In vitro morpho-physiological characterization of cassava accessions according to salinity tolerance

Description of the subject. In Senegal, manioc tuber production targets are increasing every year. However, salinization is a major constraint to its cultivation due to salt-affected land and irrigation water. Objectives. The objective of this study was to evaluate in vitro the physiological and morphological response to salinity stress (NaCl) of cassava accessions in order to identify the most tolerant and their tolerance threshold.
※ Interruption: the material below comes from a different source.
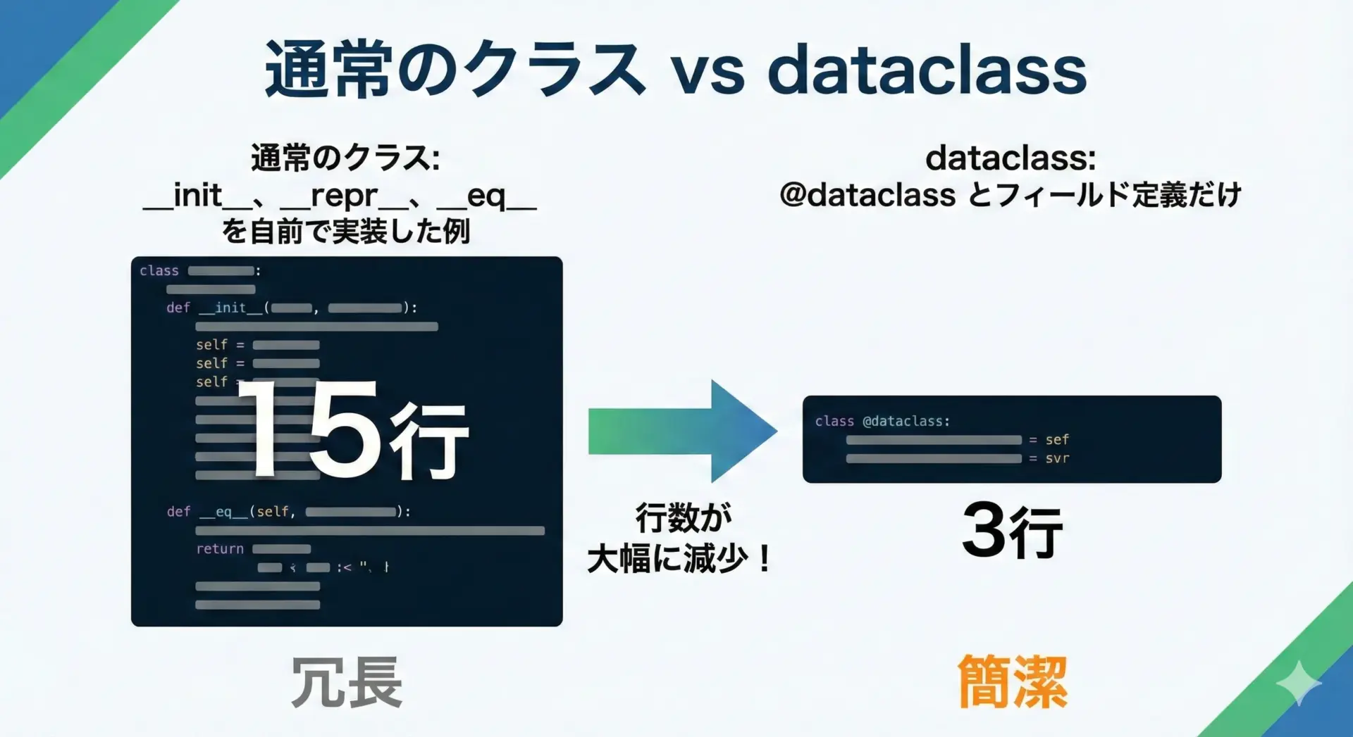 データクラスを使うと、__init__や__repr__、__eq__などのメソッドを自動生成してくれるため、コードを大幅に短くできます。

Method. In vitro cultured explants were exposed to different concentrations of NaCl (0, 1, 1.5, 2, 2.5, and 3 g.l(-1)) to determine the most tolerant accessions and their tolerance threshold. The stress impact was measured by the height of vitroplants, the rooting ability of vitroplants, the fresh and dry biomass, and the leaves' chlorophyll content. Results. The results showed that NaCl significantly reduced in vitro plant growth and biosynthesis of chlorophylls a, b and total in in vitro plant leaves. The leaves of the vitroplants were more sensitive to the depressive effects of salinity than the roots. Two critical sensitivity thresholds to the adverse effects of salinity were identified at 1.5 and 2 g.l(-1) NaCl for physiological and morphological parameters, respectively. The salinity index (SI) is a relevant morphological criterion for assessing the salinity tolerance of cassava vitroplants. The method used can be adopted for rapid, large-scale screening of cassava varieties and/or accessions for salinity tolerance. Conclusions. In vitro micropropagation is a technique that can be adopted for rapid, large-scale screening of cassava accessions for salinity tolerance. The levels of chlorophylls biosynthesized by in vitro plants can be considered as relevant biochemical indicators for determining the sensitivity of in vitro plants to salt (NaCl).